Group III metabotropic glutamate receptors and drug addiction

Limin Mao, Minglei Guo, Daozhong Jin, Bing Xue, John Q. Wang

Research output: Contribution to journalReview article

14 Scopus citations

Abstract

Neuroadaptations of glutamatergic transmission in the limbic reward circuitry are linked to persistent drug addiction. Accumulating data have demonstrated roles of ionotropic glutamate receptors and group I and II metabotropic glutamate receptors (mGluRs) in this event. Emerging evidence also identifies Gαi/o-coupled group III mGluRs (mGluR4/7/8 subtypes enriched in the limbic system) as direct substrates of drugs of abuse and active regulators of drug action. Auto- and heteroreceptors of mGluR4/7/8 reside predominantly on nerve terminals of glutamatergic corticostriatal and GABAergic striatopallidal pathways, respectively. These presynaptic receptors regulate basal and/or phasic release of respective transmitters to maintain basal ganglia homeostasis. In response to operant administration of common addictive drugs, such as psychostimulants (cocaine and amphetamine), alcohol and opiates, limbic group III mGluRs undergo drastic adaptations to contribute to the enduring remodeling of excitatory synapses and to usually suppress drug seeking behavior.
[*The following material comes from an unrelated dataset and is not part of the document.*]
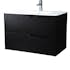 Med sine sporlagde skuffefronter og integrerte håndtak gir den et harmonisk inntrykk og passer inn i de fleste hjem.Skapet leveres med en servant i porselen. Servanten er stilren, lett å vedlikeholde.

As a result, a loss-of-function mutation (knockout) of individual group III receptor subtypes often promotes drug seeking. This review summarizes the data from recent studies on three group III receptor subtypes (mGluR4/7/8) expressed in the basal ganglia and analyzes their roles in the regulation of dopamine and glutamate signaling in the striatum and their participation in the addictive properties of three major classes of drugs (psychostimulants, alcohol, and opiates).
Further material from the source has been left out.